Introduction to Machine Learning
Introduction to Machine Learning
Abstract:
The course offers a gentle, hands-on introduction to the core principles and techniques of machine learning. The participants will be presented with the basic supervised machine learning models (linear models, trees and some instance-based techniques), along with the principles of their application (training, testing, cross-validation, regularization, model selection). Students will implement and apply most of the discussed algorithms using the interactive environment IPython. This will be followed by a discussion of the general principles underlying machine learning, such as statistical estimation methods and optimization techniques. Some extent of basic familiarity with programming and Python is expected from the participants. Previous knowledge of probability theory and linear algebra would be helpful and could ensure better understanding of the material.
Associated projects:
Students who would take extra interest in this course are offered a number of projects to pursue during the “practical” part of the Summer School (in addition to perhaps more topic-specific data-oriented projects given by other instructors). The following is a tentative list of topics for inspiration. For any of the topics the exact details of the project will be clarified in collaboration with the students that decide to take it on. All projects imply either a practical implementation in the form of usable software or a written report on the performed steps, experiments and results.

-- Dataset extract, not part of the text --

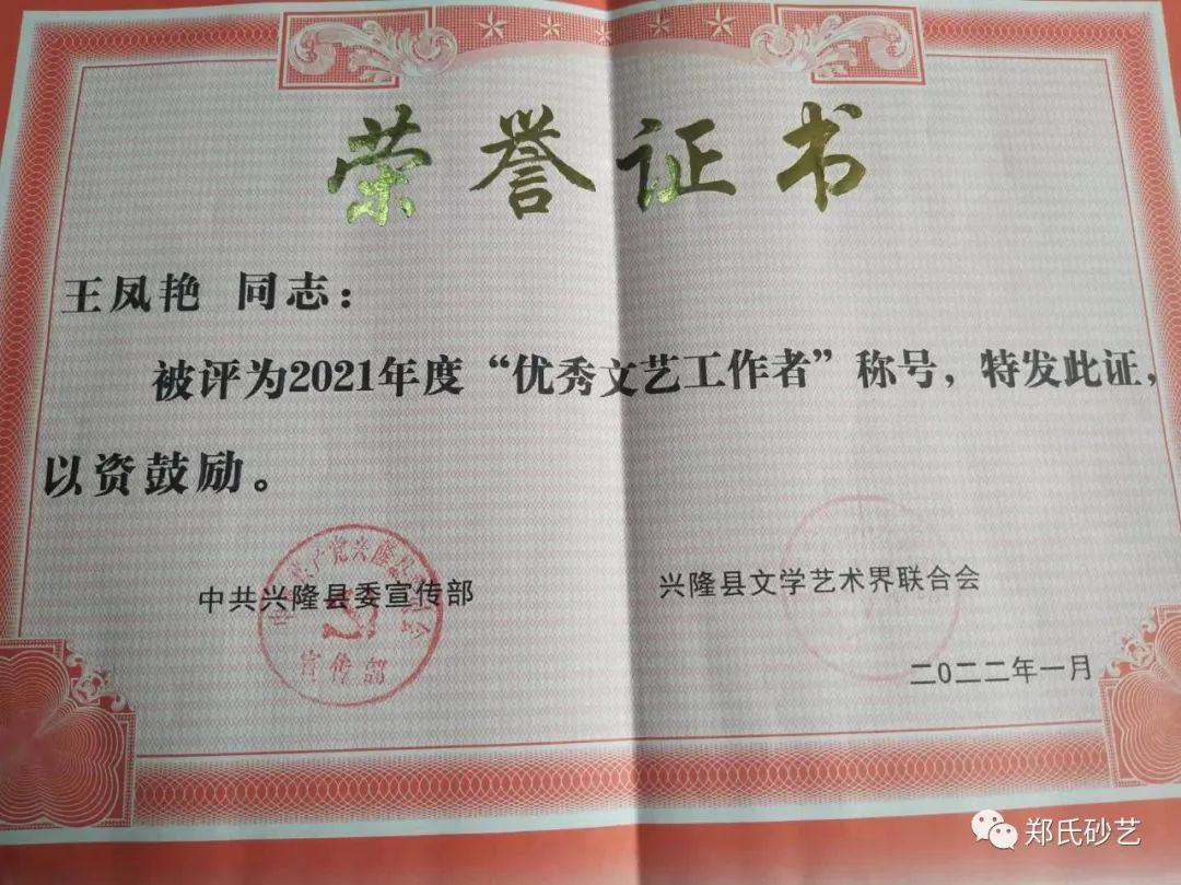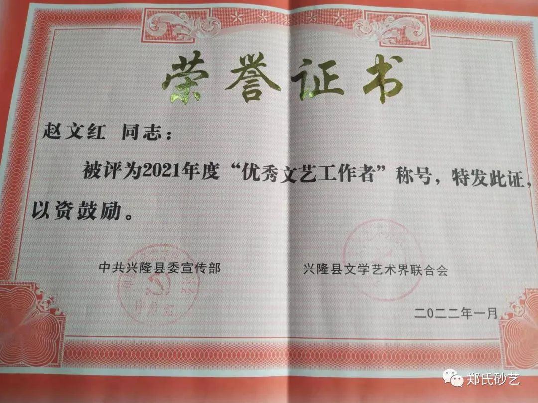 近日,縣委宣傳部、縣文聯(lián)發(fā)表了《關(guān)于表彰2021年度優(yōu)秀文藝家協(xié)會(huì)、優(yōu)秀村級(jí)文聯(lián)、優(yōu)秀企業(yè)文聯(lián)、優(yōu)秀文藝工作者的決定》,文中指出“2021年,在縣委、縣政政府的堅(jiān)強(qiáng)領(lǐng)導(dǎo)下,在市文聯(lián)的直接指導(dǎo)下,全縣廣大文藝工作者,深入學(xué)習(xí)貫徹黨的十九大和習(xí)近平文藝座談會(huì)上的講話精神,在‘鄉(xiāng)村振興黨旗紅·文藝創(chuàng)新樹先鋒’和‘文藝名村’建設(shè)實(shí)踐活動(dòng)中,辛勤耕耘,積極創(chuàng)作,服務(wù)人民,為繁榮全縣文藝事業(yè)做出了積極貢獻(xiàn),涌現(xiàn)出了一大批表現(xiàn)突出、成績(jī)優(yōu)異的文藝工作者。”在此次通報(bào)表彰中,鄭氏砂藝董事長(zhǎng)鄭鐵軍、徐書英、王鳳艷、趙文紅、張國新、王建寶、張玉紅、張秀榮、王婷共9人被縣委宣傳部和縣文聯(lián)授予2021年度“優(yōu)秀文藝工作者”稱號(hào)。企業(yè)將繼續(xù)開拓創(chuàng)新,潛心創(chuàng)作,努力發(fā)掘出更多文藝人才,壯大鄭氏砂藝藝術(shù)研究所,創(chuàng)作出更多文藝精品,為推進(jìn)新時(shí)代興隆縣文藝事業(yè)繁榮發(fā)展作出新的更大貢獻(xiàn)。

- Machine learning 101: Handwritten digit classification study.
- Can a computer guess your language? Adaptive clustering of spoken text.
- Priority inbox: Predict the importance of messages in your mailbox.
- Computer-generated music or text: Train a generative model to compose songs or lyrics.
- Summarize the news: Create an informative visualization of news articles (using SOM, wordclouds, decision trees, or the like).
- Recommended reading: Implement a simple recommendation system for the posts of a forum.
- Contribute to the community: Implement an algorithm in Spark MLLib that is not yet implemented there.
- Show off what you learned: Implement a javascript demo/learning tool for an algorithm of interest.
- etc
About lecturer:
Mr. Konstantin Tretyakov,
Researcher, University of Tartu, Estonia.